After a challenging 2023, the global semiconductor industry is finally showing signs of recovery in the first half of 2024. As market demand rebounds, major wafer fabs are ramping up capital expenditures and expanding their capacities to prepare for a new growth peak.
According to a report by JPMorgan Securities, the inventory reduction phase for wafer foundries is nearing its end. The continuous rise in AI demand and the gradual recovery of non-AI demand indicate that the wafer foundry industry is on the path to recovery.
In particular, China's wafer foundry sector is seeing a rapid recovery in capacity utilization, and local IC design companies are normalizing their inventory adjustments.
Leading companies in the industry, such as TSMC, Samsung, SK Hynix, and Micron, have started increasing their capital expenditures and expanding their capacities.
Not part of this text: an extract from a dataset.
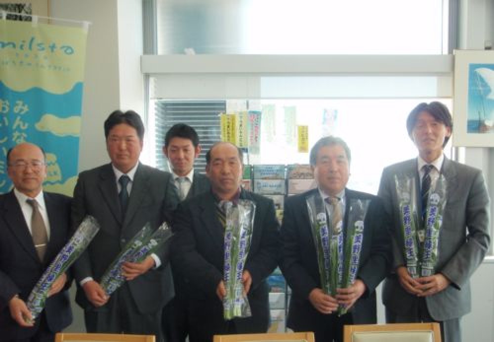 1月26日(水曜日)、JA美野里町にら生産部会の小田部部会長ほか関係者のみなさんが県庁を訪れ、

TSMC plans to raise its capital expenditure to between $32 billion and $36 billion by 2025 to meet the strong demand for its 2nm process technology. Similarly, Samsung and SK Hynix are raising funds in South Korea to significantly expand their production capacities by 2025.
Micron also plans to increase its capital expenditure to approximately $12 billion in fiscal year 2025 to support new technologies and facility upgrades.
According to SEMI, global wafer fab equipment spending is expected to grow by 21% year-on-year in 2024, reaching $92 billion. Taiwan, South Korea, and China are expected to continue leading in equipment spending.